This is a follow-up to 2 x SLEEP.
You’re walking down the street and you hear hurried footsteps behind you. You turn around and get the fright of your life. Someone is running towards you, someone you’d rather avoid. You start running. Faster and faster you go. Then you spread your arms, make some subtle twisting movements with your forearms and hands. There you go, you lift off the ground, you feel the air carrying you, just as the earth always supported your body before. You look over your shoulder again, now diagonally downwards, and see your pursuer staring at you in amazement, mouth agape.
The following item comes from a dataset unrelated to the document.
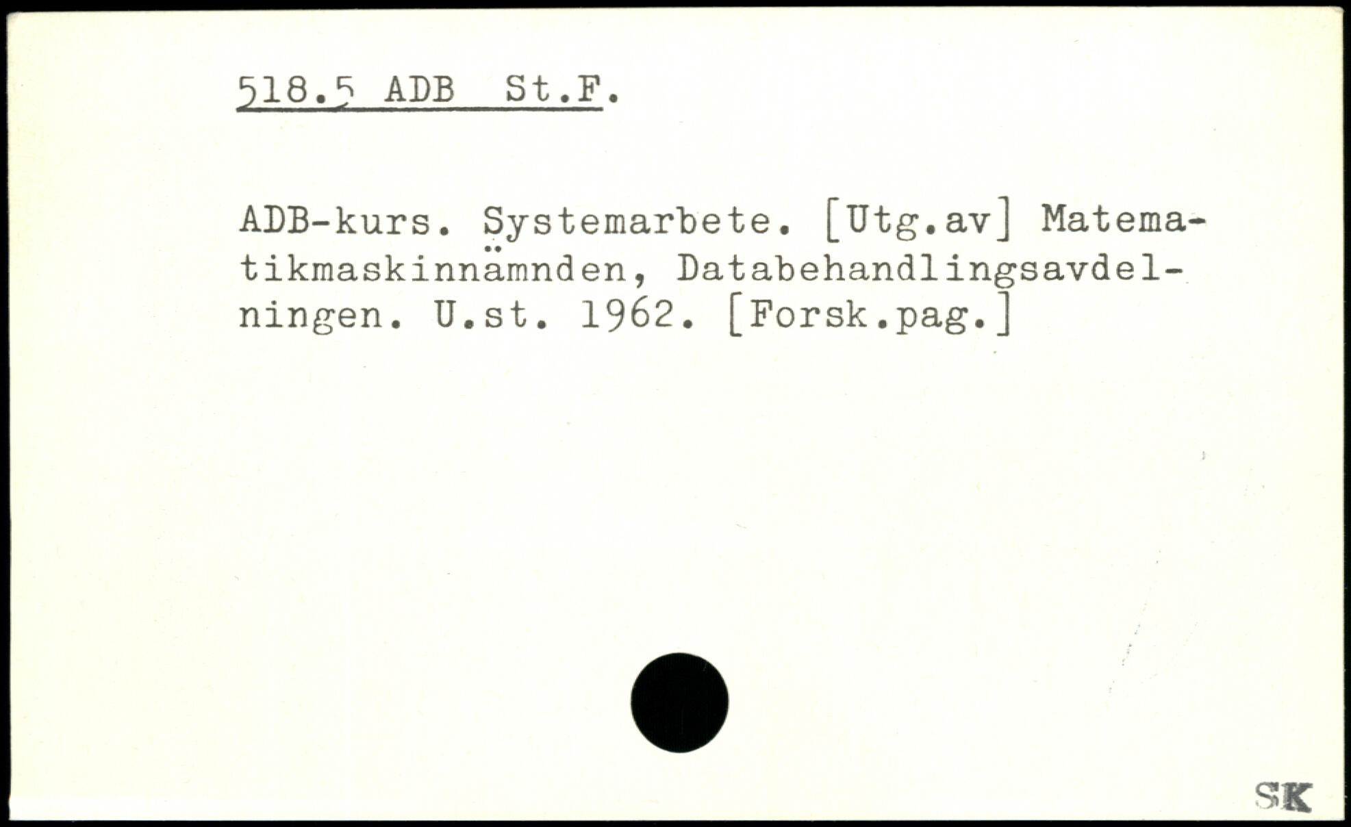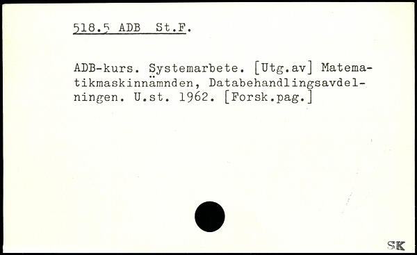 ADB-kurs. Systemarbete. [Utg.av] Matematikmask innamnden, Databehandlingsavdel-ningen. U.st. 1962. [Forsk.pag.]

What a wonderful sensation! And how simple. You had always imagined flying to be much more complex. Now it’s important to pay close attention, to take everything in detail, so that you can share the secret of flying with your friends later. Just not with that idiot you had an argument with yesterday. And as soon as you think of that person, your eyes open. You wake up from the dream. You make frantic attempts to return to the fantastic flying, to the continuation of the adventure. The more you try, the more that path back to the dream closes.
The girl you secretly fell in love with was unattainable; she seemed to have no interest in you whatsoever. But now everything has changed. After a series of events, she turns around and leans towards you. To give you a kiss. It can’t be, can it? Just before it happens, just before what you had hoped for but never dared to dream of, a voice calls out: ‘Wake up! You’re going to be late for school!’ The story fades and disappears.
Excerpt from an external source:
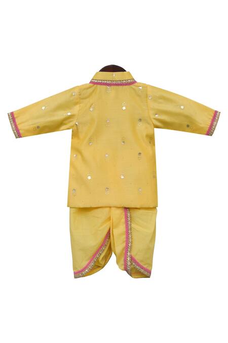 Yellow overlap kurta featuring placement foil print and welt pocket. Paired with cotton dhoti pant embellished with placement lace work.

Darkness and Light. Chapters 29 and 30 describe the worlds of the subconscious and the conscious, respectively. But not as two domains that are mutually exclusive and separated by a hermetic barrier. The hexagram of Dark consists of a doubling of the Water trigram: two dark, broken lines with a bright light line hidden in their midst. How else would the dream be remembered after awakening?
And in the hexagram of Light, there are two identical trigrams in which two bright lines enclose one dark line. The incongruity of the dream in a flash, a fragment of a familiar unknown scent, a distant memory.
Once Zhuang Zhou dreamed he was a butterfly, a butterfly flitting and fluttering around, happy with himself and doing as he pleased. He didn’t know he was Zhuang Zhou. Suddenly he woke up, and there he was, solid and unmistakable Zhuang Zhou. But he didn’t know if he were Zhuang Zhou who had dreamed he was a butterfly or a butterfly dreaming he was Zhuang Zhou. Between Zhuang Zhou and a butterfly, there must be some distinction! This is called the Transformation of Things.
The Complete Works of Zhuangzi - Burton Watson
In every episode of the unsurpassed comic strip Little Nemo in Slumberland, little Nemo, ‘nobody’ in Latin, falls into a deep sleep. He enters the wonderful Slumberland, ruled by King Morpheus. Nemo’s fervent wish is to meet Morpheus’ daughter, the princess of Slumberland, so that they can become playmates. Indeed, who wouldn’t want that?
A weekly instalment of the adventure appeared in the newspaper, initially in the New York Herald. And each instalment ends with Nemo waking up from his dream. By falling out of bed, or from stomach ache, from having eaten too much cheesecake at dinner. However, the main disruptor in his adventures in Slumberland and in meeting the princess is Flip.
Flip is an amiable braggart. He always smokes a large cigar and his top hat has wake up! written on it. Flip is the nephew of the Dawn Guard and although Nemo and Flip get along well, it is inevitable that he repeatedly disrupts Nemo’s dream.
To flip a coin. To flip a pancake. Flip a switch. Flip your opinion. The situation flipped overnight. Flipping out. Flip is change, abrupt change. The unexpected plot change that takes everything in a different direction. Flip is that annoying alarm clock that ruins that fantastic dream story. But Flip is also the clarity that conveys the images and deep insights of the dream world to the prosaic reality of daytime. Without Flip, without the sudden awakening, the dream would never find its way to the day, the domain of Light. Even if it is usually just a hint. A wisp of cigar smoke.
Little Nemo in Slumberland was created by American cartoonist and animator Winsor McCay. Although it was one of the first comic strips, it is still considered one of the very best ever. The characters in the story, the storylines, the perspective, and the boundless imagination in his drawings mean that Little Nemo in Slumberland is still an inexhaustible source of inspiration today.
THE IMAGE: twice the Water trigram. Water occupies a special place in Taoist thought. Nothing is as soft and yielding as water, wrote Lao Zi, yet it overcomes everything that is strong and solid. It always seeks out the lowest places, places that are despised and avoided by others. Without any preconceived plan, it unites with itself. Drops, a puddle, a river, a lake, the sea....
The middle line of the trigram testifies to the unexpected power of water. This is enclosed and hidden by the two broken outer lines, which represent its compliance and outward softness. The opposite is contained within the heart of things.